Work item: Carry over every entry exactly as written, though not the pictures it contains.

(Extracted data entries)
-=-=-
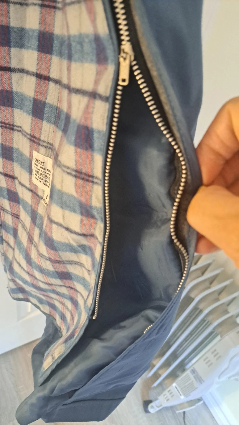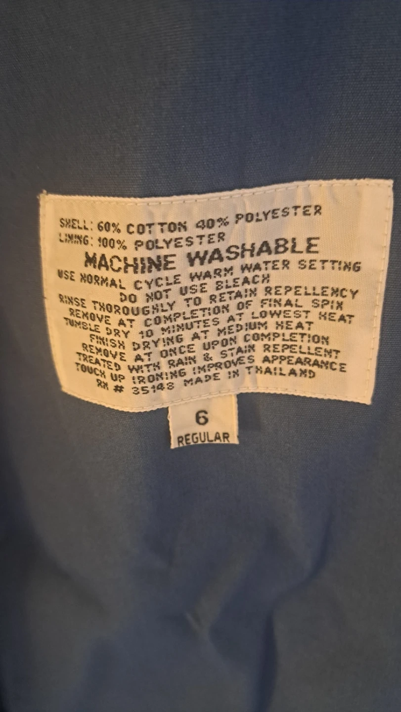 This is a 2 in 1 Misty Harbor women's trench coat. Shell is 60% cotton and 40% polyester, lining is 100% polyester. It's machine washable on a normal cycle with warm water. This coat has a removable(zipper-off) lining and comes with a tie belt.
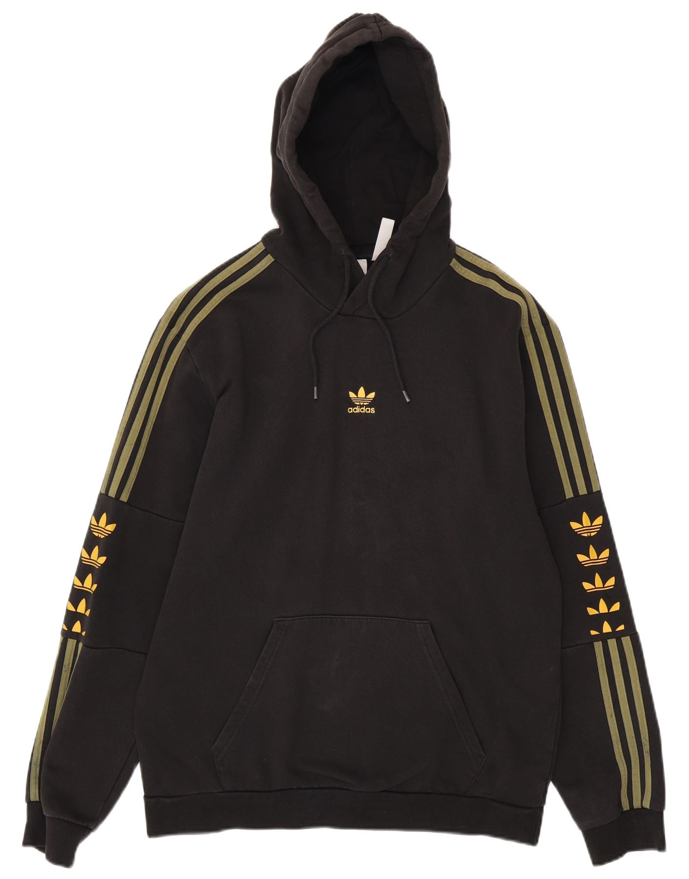Pulover ADIDAS pentru bărbați cu glugă grafică, bumbac mediu negru
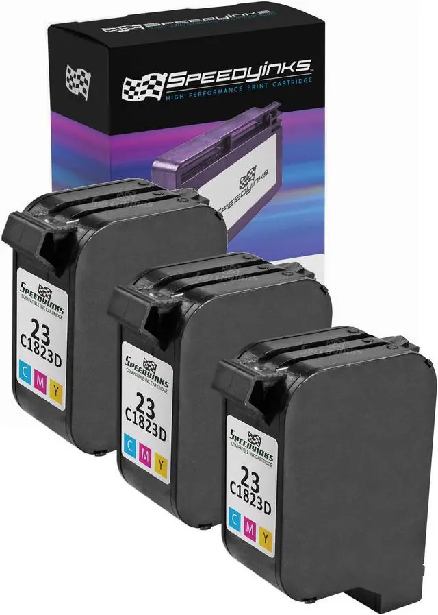 3PK Remanufactured Replacement Ink Cartridge for Hewlett Packard C1823D (HP 23) Tri-Color for use in HP OfficeJet R40, HP OfficeJet T45, HP OfficeJet T45xi, HP OfficeJet T46, HP OfficeJet R60, HP OfficeJet T65, HP OfficeJet T65xi, HP OfficeJet R80, HP Color Copier 140, HP Color Copier 145, HP Color Copier 150, HP Color Copier 155, HP Color Copier 160, HP Color Copier 170, HP PSC 500, HP PSC 500xi, HP Deskjet 710, HP Deskjet 710C, HP Deskjet 712C, HP Deskjet 712, HP Deskjet 720, HP Deskjet 720C, HP Deskjet 722C, HP Deskjet 722, HP Deskjet 782C, HP Deskjet 782, HP Deskjet 810C, HP Deskjet 810, HP Deskjet 812, HP Deskjet 812C, HP Deskjet 830C, HP Deskjet 830, HP Deskjet 832, HP Deskjet 832C, HP Deskjet 880, HP Deskjet 880C, HP Deskjet 882C, HP Deskjet 882, HP Deskjet 890, HP Deskjet 890C, HP Deskjet 890cxi, HP Deskjet 890Cse, HP Deskjet 895Cxi, HP Deskjet 895, HP Deskjet 1120C, HP Deskjet 1120cse, HP OfficeJet 1170C, HP OfficeJet Pro 1170C, HP OfficeJet Pro 1170Cse, HP OfficeJet Pro 1170Cxi, HP OfficeJet 1170, HP OfficeJet Pro 1170, HP OfficeJet Pro 1175, HP OfficeJet Pro 1175C, HP OfficeJet Pro 1175Cxi, HP OfficeJet Pro 1175Cse, HP Deskjet 1120cxi, HP Deskjet 895cse, HP Color Copier 260, HP Color Copier 270, HP DeskJet 815, HP DeskJet 815C
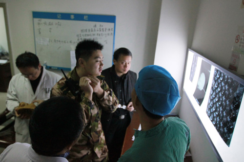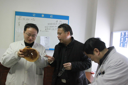在CT室过道,看见走路一瘸一拐的神经外科孙卫副主任医师,他正在和骨科专家袁中平商讨手术方案,走进CT室控制中心,里面已经汇集了神经外科、整形颌面外科、骨科、放射科、神经内科等许多专家。孙卫马上就投入到紧张激烈的术前讨论当中,完全忘记了自己的病痛,当天晚上他一直在手术台上进行手术,手术持续到次日凌晨4点左右,而他前一天摔伤导致踝骨骨折,第二天要靠支具行走。
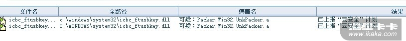 刚才杀毒。报了两个可疑Packer.Win32.UnkPacker.a 。这个是在ICBC的文件下的,想问一下这个对我的网银账户有没有威胁。
-=-=-
Output for this exercise:
 This is a 2 in 1 Misty Harbor women's trench coat. Shell is 60% cotton and 40% polyester, lining is 100% polyester. It's machine washable on a normal cycle with warm water. This coat has a removable(zipper-off) lining and comes with a tie belt.
Pulover ADIDAS pentru bărbați cu glugă grafică, bumbac mediu negru
 3PK Remanufactured Replacement Ink Cartridge for Hewlett Packard C1823D (HP 23) Tri-Color for use in HP OfficeJet R40, HP OfficeJet T45, HP OfficeJet T45xi, HP OfficeJet T46, HP OfficeJet R60, HP OfficeJet T65, HP OfficeJet T65xi, HP OfficeJet R80, HP Color Copier 140, HP Color Copier 145, HP Color Copier 150, HP Color Copier 155, HP Color Copier 160, HP Color Copier 170, HP PSC 500, HP PSC 500xi, HP Deskjet 710, HP Deskjet 710C, HP Deskjet 712C, HP Deskjet 712, HP Deskjet 720, HP Deskjet 720C, HP Deskjet 722C, HP Deskjet 722, HP Deskjet 782C, HP Deskjet 782, HP Deskjet 810C, HP Deskjet 810, HP Deskjet 812, HP Deskjet 812C, HP Deskjet 830C, HP Deskjet 830, HP Deskjet 832, HP Deskjet 832C, HP Deskjet 880, HP Deskjet 880C, HP Deskjet 882C, HP Deskjet 882, HP Deskjet 890, HP Deskjet 890C, HP Deskjet 890cxi, HP Deskjet 890Cse, HP Deskjet 895Cxi, HP Deskjet 895, HP Deskjet 1120C, HP Deskjet 1120cse, HP OfficeJet 1170C, HP OfficeJet Pro 1170C, HP OfficeJet Pro 1170Cse, HP OfficeJet Pro 1170Cxi, HP OfficeJet 1170, HP OfficeJet Pro 1170, HP OfficeJet Pro 1175, HP OfficeJet Pro 1175C, HP OfficeJet Pro 1175Cxi, HP OfficeJet Pro 1175Cse, HP Deskjet 1120cxi, HP Deskjet 895cse, HP Color Copier 260, HP Color Copier 270, HP DeskJet 815, HP DeskJet 815C
在CT室过道,看见走路一瘸一拐的神经外科孙卫副主任医师,他正在和骨科专家袁中平商讨手术方案,走进CT室控制中心,里面已经汇集了神经外科、整形颌面外科、骨科、放射科、神经内科等许多专家。孙卫马上就投入到紧张激烈的术前讨论当中,完全忘记了自己的病痛,当天晚上他一直在手术台上进行手术,手术持续到次日凌晨4点左右,而他前一天摔伤导致踝骨骨折,第二天要靠支具行走。
 刚才杀毒。报了两个可疑Packer.Win32.UnkPacker.a 。这个是在ICBC的文件下的,想问一下这个对我的网银账户有没有威胁。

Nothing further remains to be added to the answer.